Given information:
********

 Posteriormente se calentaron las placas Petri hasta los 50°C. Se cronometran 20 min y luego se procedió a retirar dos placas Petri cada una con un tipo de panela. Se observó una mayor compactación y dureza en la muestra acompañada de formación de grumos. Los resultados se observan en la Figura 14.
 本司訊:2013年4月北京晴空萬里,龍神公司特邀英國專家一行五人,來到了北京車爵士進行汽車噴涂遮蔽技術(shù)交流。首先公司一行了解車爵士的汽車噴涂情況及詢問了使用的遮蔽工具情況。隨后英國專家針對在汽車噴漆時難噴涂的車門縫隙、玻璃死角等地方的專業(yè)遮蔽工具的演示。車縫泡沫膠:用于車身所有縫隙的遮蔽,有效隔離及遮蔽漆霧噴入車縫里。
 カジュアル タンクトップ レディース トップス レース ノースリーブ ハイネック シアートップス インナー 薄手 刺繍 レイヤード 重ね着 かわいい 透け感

********

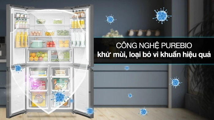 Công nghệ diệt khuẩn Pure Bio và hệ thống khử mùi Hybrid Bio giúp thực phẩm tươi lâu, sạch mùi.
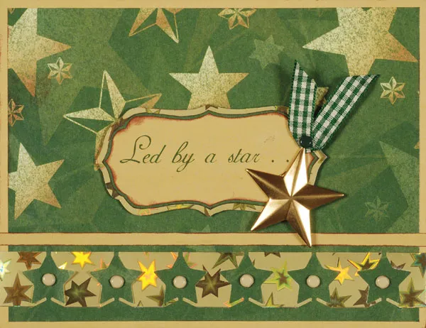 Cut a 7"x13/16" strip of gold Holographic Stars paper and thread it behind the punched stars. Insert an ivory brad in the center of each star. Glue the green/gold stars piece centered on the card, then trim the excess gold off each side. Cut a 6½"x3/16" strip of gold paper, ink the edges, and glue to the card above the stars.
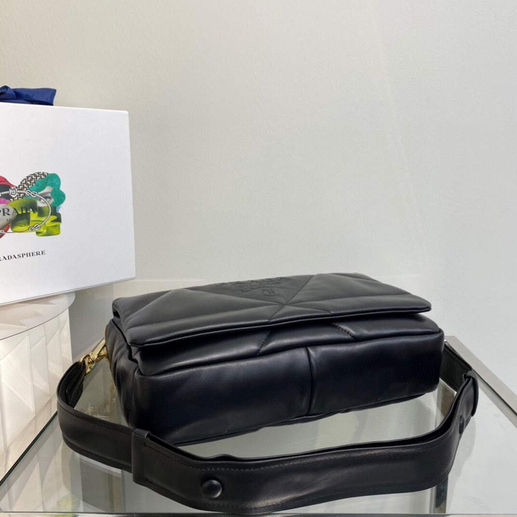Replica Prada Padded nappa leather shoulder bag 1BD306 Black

********

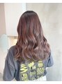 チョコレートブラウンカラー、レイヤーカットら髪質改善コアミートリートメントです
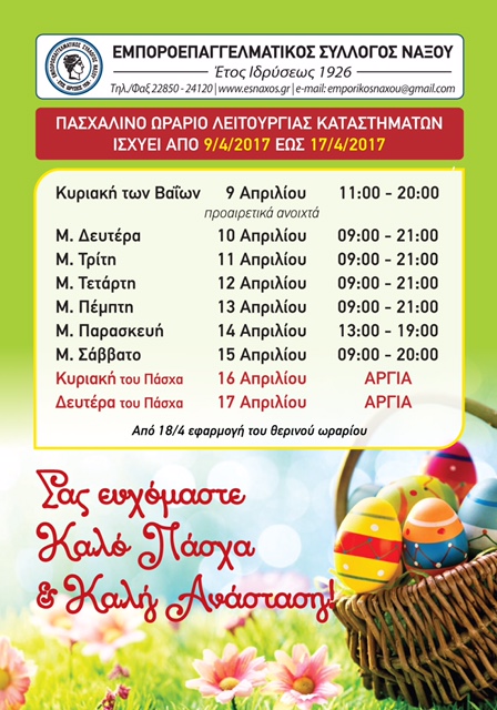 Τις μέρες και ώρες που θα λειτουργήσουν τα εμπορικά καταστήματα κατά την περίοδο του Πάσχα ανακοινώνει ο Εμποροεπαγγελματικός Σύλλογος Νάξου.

********

What the task asks:
Output the lines above between the one holding "Posteriormente se calentaron" and the one holding "カジュアル タンクトップ レディース", inclusive, with nothing before or after them.

Answer box:
 Posteriormente se calentaron las placas Petri hasta los 50°C. Se cronometran 20 min y luego se procedió a retirar dos placas Petri cada una con un tipo de panela. Se observó una mayor compactación y dureza en la muestra acompañada de formación de grumos. Los resultados se observan en la Figura 14.
 本司訊:2013年4月北京晴空萬里,龍神公司特邀英國專家一行五人,來到了北京車爵士進行汽車噴涂遮蔽技術(shù)交流。首先公司一行了解車爵士的汽車噴涂情況及詢問了使用的遮蔽工具情況。隨后英國專家針對在汽車噴漆時難噴涂的車門縫隙、玻璃死角等地方的專業(yè)遮蔽工具的演示。車縫泡沫膠:用于車身所有縫隙的遮蔽,有效隔離及遮蔽漆霧噴入車縫里。
 カジュアル タンクトップ レディース トップス レース ノースリーブ ハイネック シアートップス インナー 薄手 刺繍 レイヤード 重ね着 かわいい 透け感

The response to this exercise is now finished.